- **About this task**: Reproduce the records below exactly from their first line through the line containing "工笔花鸟白描底稿-王庆升-牡", omitting all pictures.
[Records for the exercise]
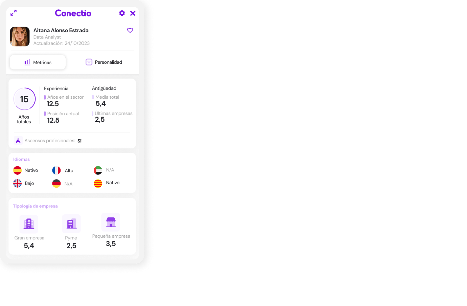 Visualiza rápidamente los puntos clave de su experiencia y entiende su recorrido profesional de un vistazo.
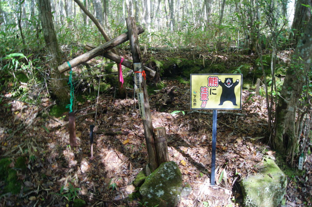 遊歩道には熊が出没もあるそうで、道中にはたたいて音を鳴らして通るよう促されています!
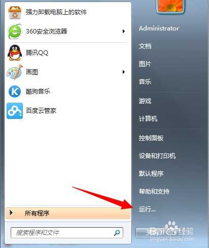 打开电脑“开始”菜单,找到【运行】选项,点击打开
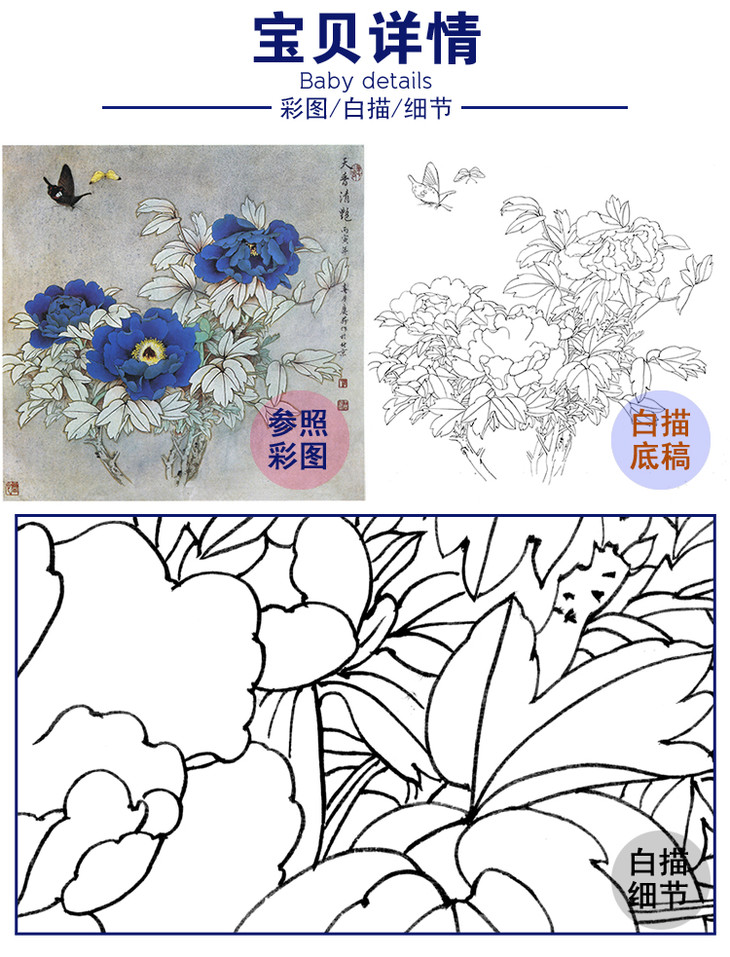 工笔花鸟白描底稿-王庆升-牡丹蝴蝶《天香清艳》-斗方小品册页-多种白描尺寸可选-A383
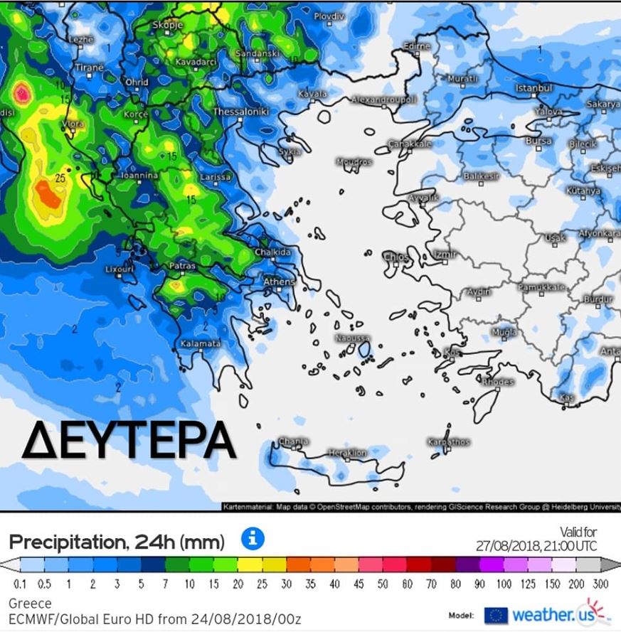 Οι συγκεκριμένοι χάρτες, είναι χάρτες πρόγνωσης των βροχοπτώσεων κατά τη διάρκεια του 24ώρου, τόσο της Δευτέρας, όσο και της Τρίτης.
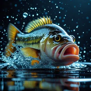 «hyper realistic image of a macro lens photography of a bass, spl...»
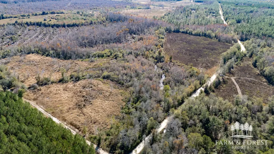 The property includes a mix of hardwoods, cypress, and a creek, along with 12.5 acres of CMP Elite Loblolly pines planted in January 2024. The natural habitat provides solid hunting opportunities for deer, and other game.
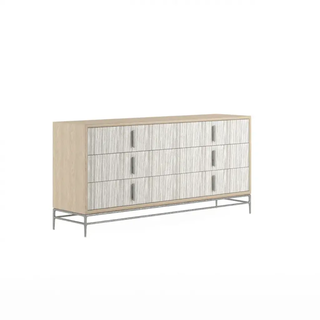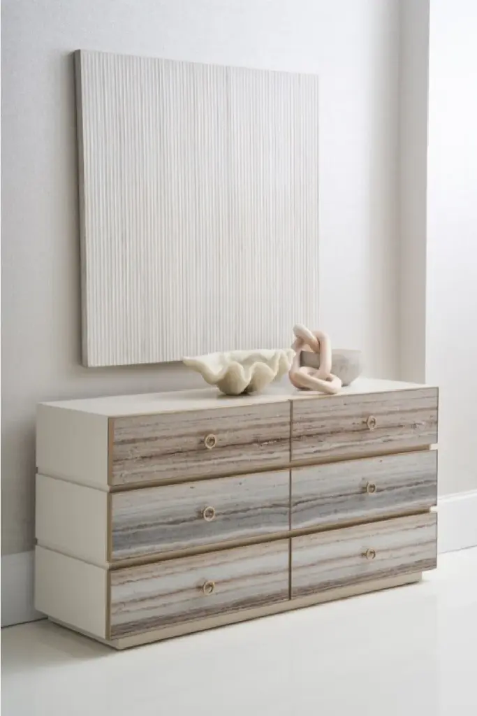 A compelling mix of texture and material, the Bedrock Dresser brings an organic elegance to bedroom interiors. Crafted from polished gray sandstone with intricate banding and natural color variations, drawer fronts are minimally adorned with metal trim and small ring pulls in Champagne Gold. Balanced on a wood plinth base, its top and sides are finished in a softly contrasting, creamy Almond Milk paint.
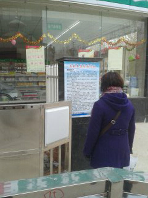 客戶在仔細閱讀海報內容,準備回家給水表“穿棉衣”。
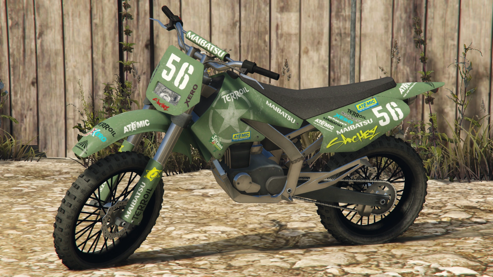 참고로 휠을 교체할 수 없고 방탄 타이어와 타이여 연기만 교체할 수 있다. 이전에는 휠도 교체할 수 있었지만 교체하면 울퉁불퉁한 오프로드 타이어가 매끈한 일반 타이어로 바뀌는 통에 산악용 바이크라는 특성상 엄청 어울리지 않았는지 락스타 측에서 아예 빼버렸다. 이는 엔듀로도 마찬가지.
[/Records for the exercise]
- **Written answer**:
 Visualiza rápidamente los puntos clave de su experiencia y entiende su recorrido profesional de un vistazo.
 遊歩道には熊が出没もあるそうで、道中にはたたいて音を鳴らして通るよう促されています!
 打开电脑“开始”菜单,找到【运行】选项,点击打开
 工笔花鸟白描底稿-王庆升-牡丹蝴蝶《天香清艳》-斗方小品册页-多种白描尺寸可选-A383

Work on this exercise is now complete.